January 21st, 2016
Required reading during today’s episode of The Pam Roach Show
Legislation & Testimony
This morning, Republican State Senator and Tim Eyman ally Pam Roach is holding a hearing on a proposed amendment to the Washington State Constitution that would sabotage our cherished tradition of majority rule, which dates back to statehood (SJR 8211). It’s one of several similar amendments introduced by Republican senators so far this year.
Article II, Section 22 of the Constitution provides: “No bill shall become a law unless on its final passage the vote be taken by yeas and nays, the names of the members voting for and against the same be entered on the journal of each house, and a majority of the members elected to each house be recorded thereon as voting in its favor.”
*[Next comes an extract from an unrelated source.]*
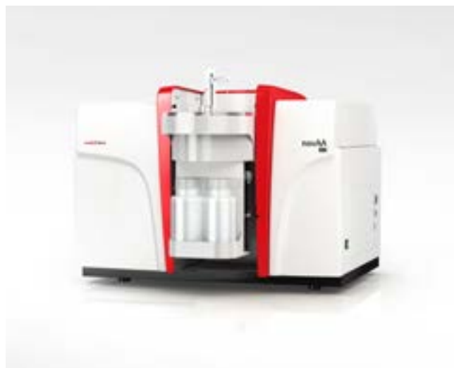
novAA 800 D für Flammen-, Hybrid- und Graphitrohrtechnik
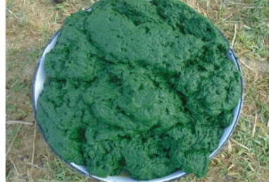
Photo 4. Spiruline fraîche après exfiltration

The Supreme Court ruled in League of Education Voters (2013) that majority means “greater than fifty percent”, striking down a series of initiatives that had unconstitutionally set up a higher threshold for passage of revenue bills.
Eyman, Roach and other militant Republicans like Don Benton want to require a two-thirds vote of both houses of the Legislature to pass any bill that raises or recovers revenue for the state treasury. This would allow a submajority of lawmakers — as few as seventeen senators out of one hundred and forty-seven total lawmakers (12%) — to dictate what happens to any future tax reform proposal.
Absurdly, although it would take a two-thirds vote to repeal tax breaks under the rules Eyman wants, new tax breaks could still be created by majority vote.
The principal consequence of SJR 8211, if passed, would be to lock in our state’s broken, worst-in-the-nation tax system permanently.
Other states have changed their constitutions to put control over the outcome of revenue decisions into the hands of a few instead of the many, and the results haven’t been good.
If you’re tuning in to see The Pam Roach Show on TVW this morning, here are some materials we recommend reading to appreciate the damage and gridlock that supermajority requirements have caused in other states in the Union, notably California, which has previously required a two-thirds vote to pass budgets as well as raise revenue.
- Center on Budget and Policy Priorities: Six Reasons Why Supermajority Requirements to Raise Taxes Are a Bad Idea (February 2012)
- Key excerpt: “An argument often heard in debates over supermajorities is that state taxes should be lower. But there is little evidence that states with such requirements actually have lower taxes. The average state with a constitutional supermajority rule covering all tax increases has tax levels that are nearly identical to the tax levels in the average other state. Taxes have been flat as a share of personal income in both supermajority and non-supermajority states for the last three decades.”
- PBS: Gridlock Grips California Government (November 2011)
- Key excerpt: “It takes a two-thirds vote in the legislature to raise taxes, and the Republicans (like their counterparts in Washington) would not vote for any such increase. So the governor cut money for schools, universities, health care, social services, parks and practically everything else the state is involved in. This is not good news for those who depend on state aid.”
- State Building & Construction Trades Council of California: That’s Enough Gridlock; Time to End the Two-Thirds Vote Threshold for Tax Measures (February 2013)
- Key Excerpt: “It’s pretty clear that this arbitrary two-thirds requirement is causing great harm throughout California. It is unfair and unjust, it is thwarting the will of the people, and it is harming our quality of life by blocking badly needed improvements for transportation and other infrastructure building.”
- Michigan League for Human Services: Supermajority Proposal: A Super-Bad Idea for Michigan (June 2012)
- Key Excerpt: “Efforts to end ineffective and unfair tax breaks that benefit large, profitable corporations and other special interests would also be subject to the supermajority requirement since they would raise revenue. This would make it much more difficult to eliminate them even if they fail to create jobs. But only a simple majority would be needed to create or expand costly tax loopholes.”
At NPI, we believe majority rule is good for Democrats and Republicans alike. We believe we should learn from the experience of states like California, which have been paralyzed by legislative gridlock due to undemocratic, unwise schemes that allow a submajority to dictate what happens to revenue bills and budgets.
Our state’s founders discussed what the appropriate threshold for passage of bills was when they wrote our Constitution, and they decided, appropriately, that a majority vote was the only standard that made sense. Our tradition of majority rule has served us well since statehood, and we ought to keep it. SJR 8211 should be rejected.